06Conclusion & Future Work
🍞 Hook: Imagine teaching a team by first strengthening the basics, then perfecting the final play. The game becomes smoother and the wins come more often.
🥬 The Concept (3-Sentence Summary): This paper shows that LLMs secretly contain internal policies at every layer and module, each producing a real next-token distribution. Measuring how uncertainty flows inside reveals that models like Qwen gradually move from exploration to convergence, while others like Llama often converge abruptly at the end. Leveraging this, Bottom-up Policy Optimization (BuPO) briefly aligns a chosen lower-layer policy before whole-model RL, improving hard reasoning performance. How it works:
- Decode internal hidden states into policies and track entropy dynamics.
- Train a carefully selected internal layer policy for a few steps (InterGRPO).
- Switch to standard RL (GRPO) to polish the full model. Why it matters: This bottom-up schedule strengthens foundational reasoning, leading to consistent gains on challenging math benchmarks.

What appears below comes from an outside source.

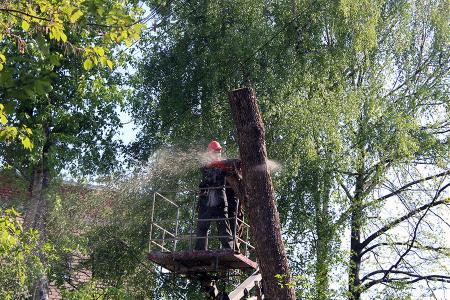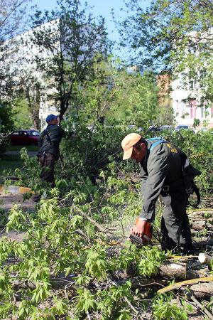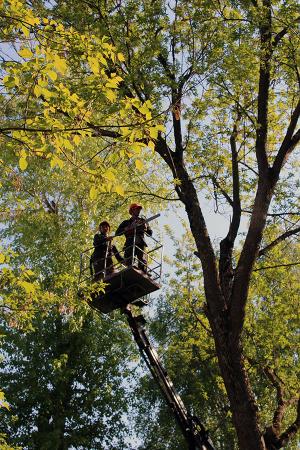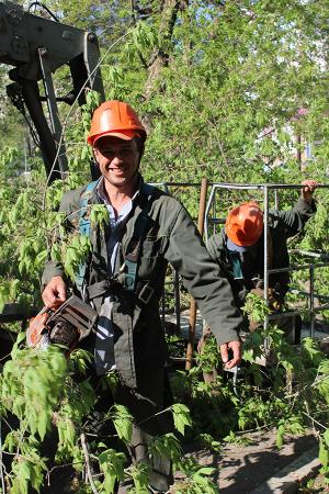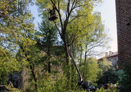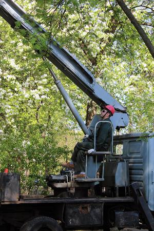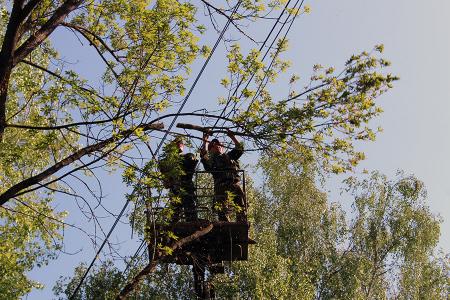 На фото: обрезку и валку деревьев производят рабочие люльки Алексей Федяченко и Александр Курчатов.

🍞 Anchor: The main achievement is turning inner hidden states into trainable policies and proving that a short, smart bottom-up phase makes the whole model reason better. Next, researchers can automate layer selection, explore multi-layer schedules, and test new architectures. Remember this work because it changes how we think about training: don’t only polish the finish—shape the foundation where reasoning truly begins.
Practical Applications
- •Train math-tutoring LLMs with a short BuPO phase to improve step-by-step reasoning robustness.
- •Use entropy and entropy change scans to pick which internal layer to align in new model families.
- •Deploy monitored training where response length and entropy guardrails stop over-training the internal phase.
- •Apply BuPO to code-generation models to stabilize multi-step algorithm synthesis before full RL.
- •Guide domain adaptation (e.g., physics word problems) by aligning an exploratory FFN layer first.
- •Use internal modular policies to debug: check whether attention or FFN is failing to explore or converge.
- •Design layer schedules that align multiple internal layers briefly, one after another, for very deep models.
- •Enhance safety alignment by encouraging early layers to filter unsafe continuations before the final layer.
- •Improve sample efficiency on reasoning tasks by creating stronger foundations with fewer RL updates.
- •Automate layer selection with a quick internal entropy probe before long training runs.